● **Task statement**
The reply should consist solely of the lines from the one with "I spent the" through the final line of the listing, copied exactly, with no pictures.
*** Excerpted records
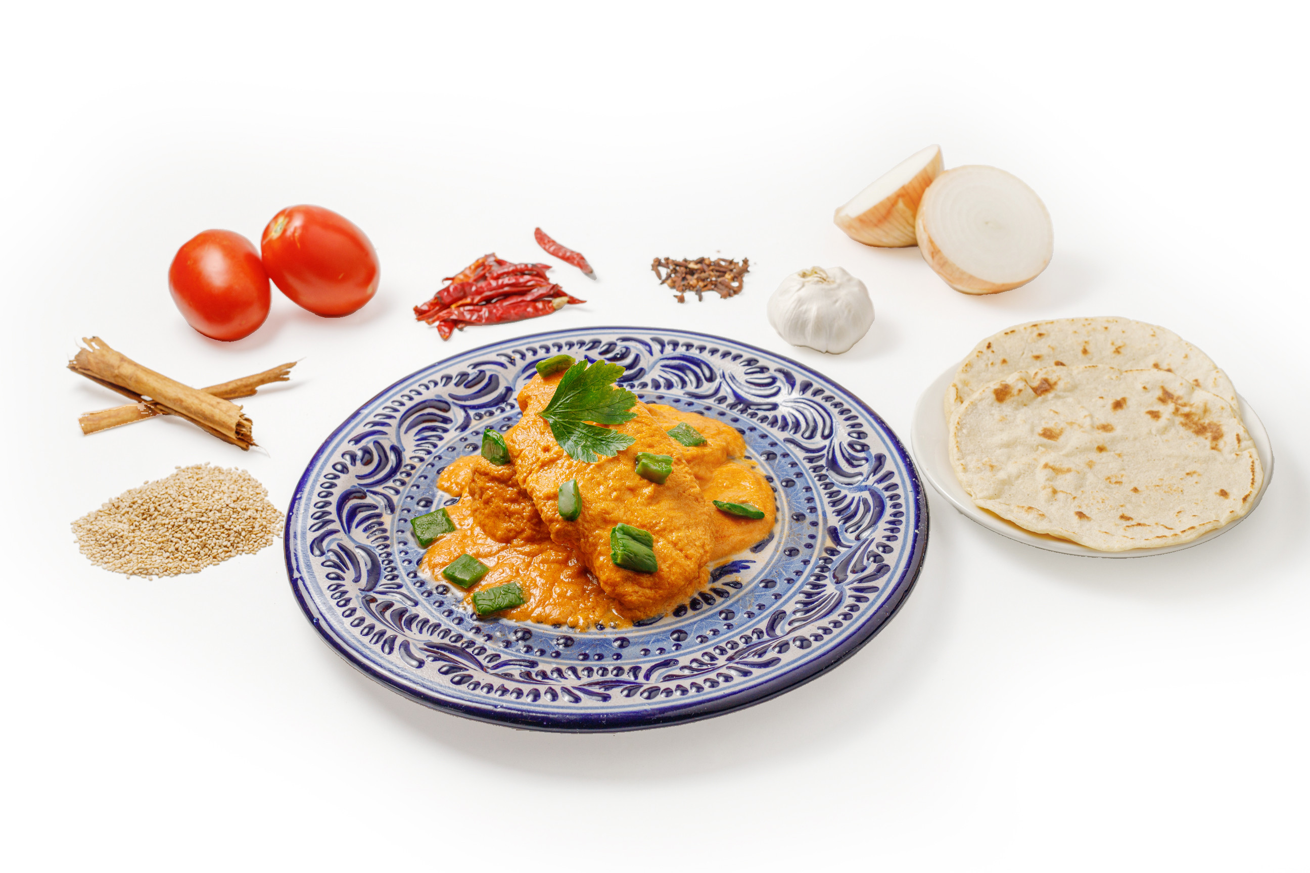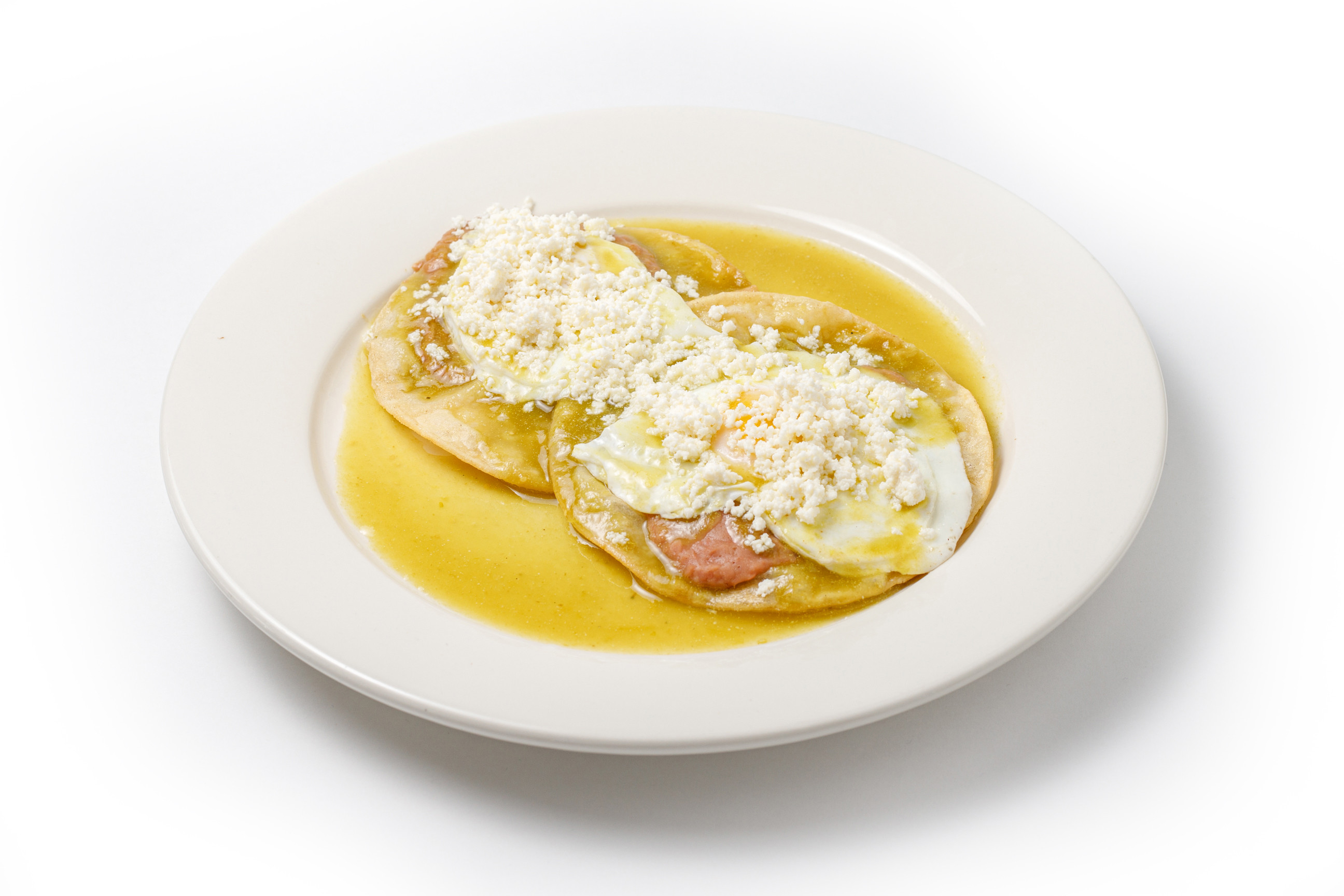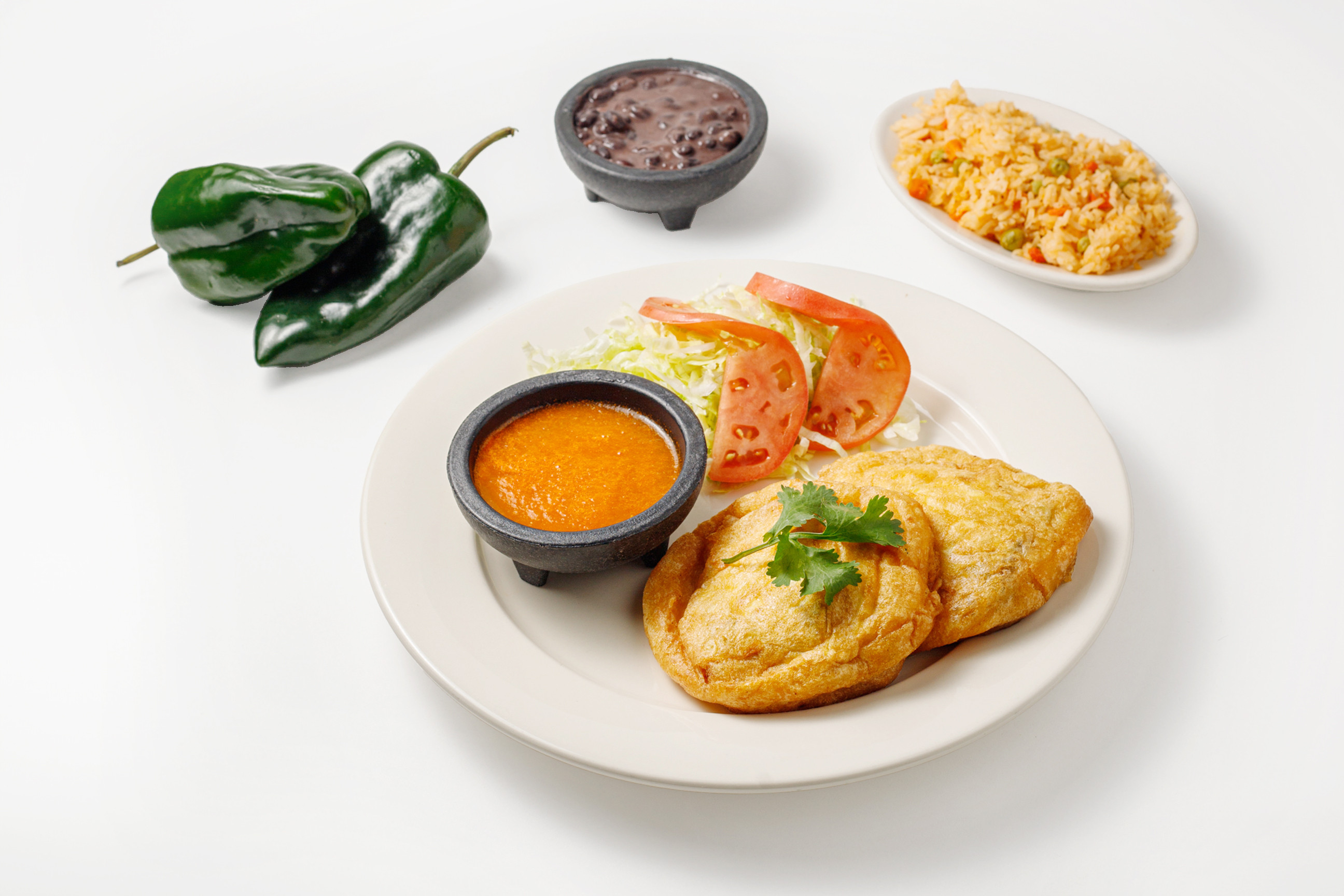 Three corn tortillas, rolled and filled with either meat or vegetables, are topped with our signature Mole Poblano sauce. Garnished with queso fresco, onions, and radishes, this dish is accompanied by a side of rice and beans, providing a blend of rich, creamy, and fresh flavors.
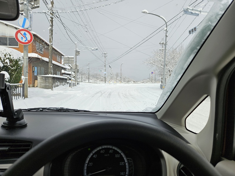 丹波市青垣町佐治で行われるサジイチに向かいます。雪は大分落ち着いてきています。初めての雪道走行はドキドキしました~。徐行運転です。
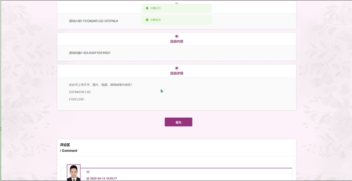 活动信息: 查看活动的详细信息,包括活动名称、类型、时间、地点、图片等,支持搜索、点赞、收藏、评论、回复、删除等操作。
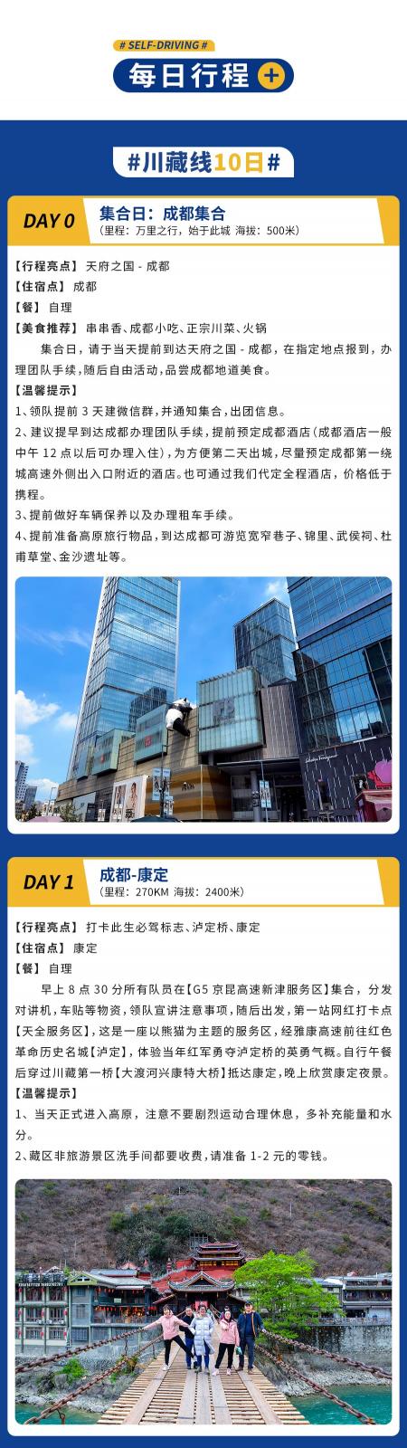 早上8点30分所有队员在【G5京昆高速新津服务区】集合,分发对讲机,车贴等物资,领队宣讲注意事项,随后出发,第一站网红打卡点【天全服务区】,这是一座以熊猫为主题的服务区,经雅康高速前往红色革命历史名城【泸定】,体验当年红军勇夺泸定桥的英勇气概。自行午餐后穿过川藏第一桥【大渡河兴康特大桥】抵达康定,晚上欣赏康定夜景。
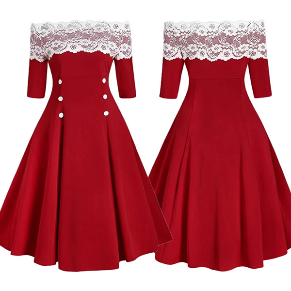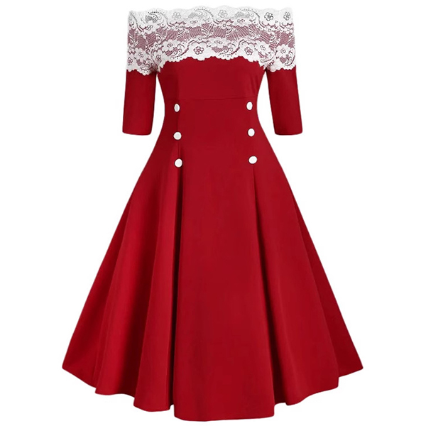 This dress features a strapless design with lace spliced detailing, double-breasted buttons, and pleated skirt, creating a chic and stylish piece that is perfect for special occasions or evening events.
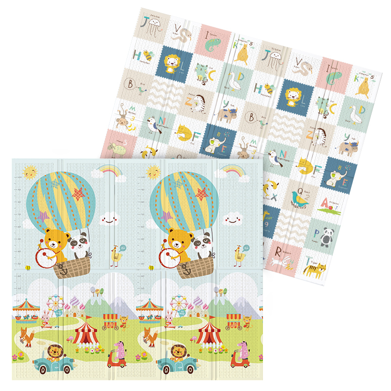 DESIGN REVERSIBIL - Covorasul nostru de joaca din spuma este reversibil, avand modele diferite pe fiecare parte. O parte balon cu aer cald pentru a mentine bebelusii interesati si curiosi, in timp ce cealalta parte are un design cu animalute si litere. Acest covoras de joaca este, de asemenea, potrivit pentru a fi utilizat cu diverse tarcuri pliabile pentru bebelusi, oferind un loc moale si confortabil pentru micutul tau.
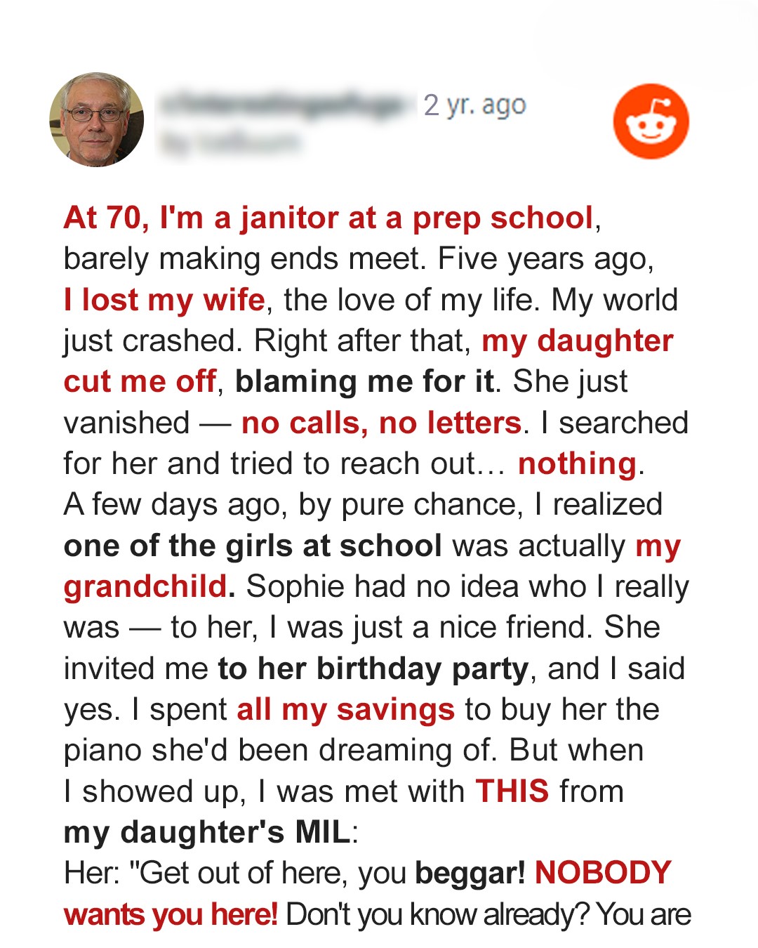 I spent the little I had just to see my granddaughter smile on her birthday. But before she even saw me, her other grandma called me a beggar and wanted to have me thrown out, like I didn’t matter at all.Five years.That’s how long I had been living in silence…Silence after Linda, my wife.Silence after Emily, our daughter.
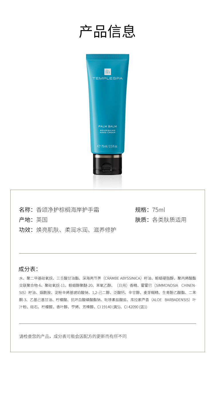 TEMPLESPA 香颂净护棕榈海岸护手霜75ml
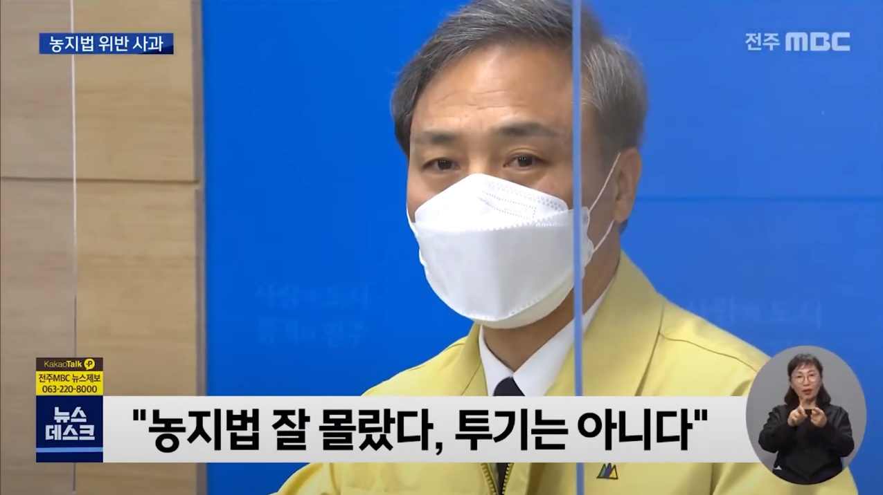 내부정보를 이용한 LH 직원의 투기 의혹으로 부동산 투기에 대한 경계심이 높아졌습니다. 정치인들도 예외가 아닌데, 지난 9일 전주MBC는 김승수 전주시장의 부인이 농사를 짓지 않는데도, 농지를 소유하고 있어 투기 목적이 아니냐는 의혹을 보도했습니다. 김승수 시장이 직접 전주시의 부동산 투기를 근절하겠다고 외친만큼 그 충격이 컸는데요, 지난 19일 부인의 농지법 위반 사실을 인정하며 사과했습니다. 다만 부동산 투기 목적은 없었다고 밝혔습니다.
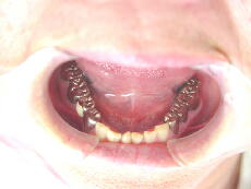 なり、遂には下の前歯部が上の前歯部に突き上げた結果、この様な状態を呈 するようになりました。
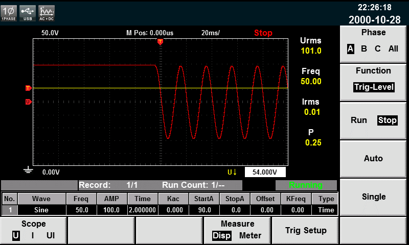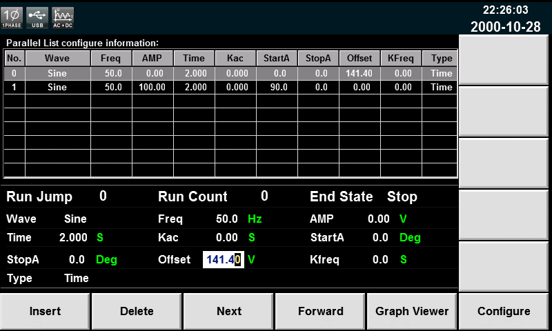 为了确保交流和直流输出之间的转换可瞬时发生,用户需要编写一个小的瞬态程序,以在100Vac和141.4Vdc之间转换为例。这可以使用IT7600系列电源的list功能完成,并可在屏幕面板的波形显示界面直接查看,无需示波器更加方便。每一步都可以设定波形、频率、幅值、停留时间、AC幅值斜率、起始/终止相位角、直流偏置、频率斜率、触发模式。图三显示了IT7600的list的设置界面,高分辨率大屏幕让设置一目了然,更配有免费的上位机软件IT9000,可以在电脑上远程控制机器的输出。
******
● **Your solution**
 I spent the little I had just to see my granddaughter smile on her birthday. But before she even saw me, her other grandma called me a beggar and wanted to have me thrown out, like I didn’t matter at all.Five years.That’s how long I had been living in silence…Silence after Linda, my wife.Silence after Emily, our daughter.
 TEMPLESPA 香颂净护棕榈海岸护手霜75ml
 내부정보를 이용한 LH 직원의 투기 의혹으로 부동산 투기에 대한 경계심이 높아졌습니다. 정치인들도 예외가 아닌데, 지난 9일 전주MBC는 김승수 전주시장의 부인이 농사를 짓지 않는데도, 농지를 소유하고 있어 투기 목적이 아니냐는 의혹을 보도했습니다. 김승수 시장이 직접 전주시의 부동산 투기를 근절하겠다고 외친만큼 그 충격이 컸는데요, 지난 19일 부인의 농지법 위반 사실을 인정하며 사과했습니다. 다만 부동산 투기 목적은 없었다고 밝혔습니다.
 なり、遂には下の前歯部が上の前歯部に突き上げた結果、この様な状態を呈 するようになりました。
 为了确保交流和直流输出之间的转换可瞬时发生,用户需要编写一个小的瞬态程序,以在100Vac和141.4Vdc之间转换为例。这可以使用IT7600系列电源的list功能完成,并可在屏幕面板的波形显示界面直接查看,无需示波器更加方便。每一步都可以设定波形、频率、幅值、停留时间、AC幅值斜率、起始/终止相位角、直流偏置、频率斜率、触发模式。图三显示了IT7600的list的设置界面,高分辨率大屏幕让设置一目了然,更配有免费的上位机软件IT9000,可以在电脑上远程控制机器的输出。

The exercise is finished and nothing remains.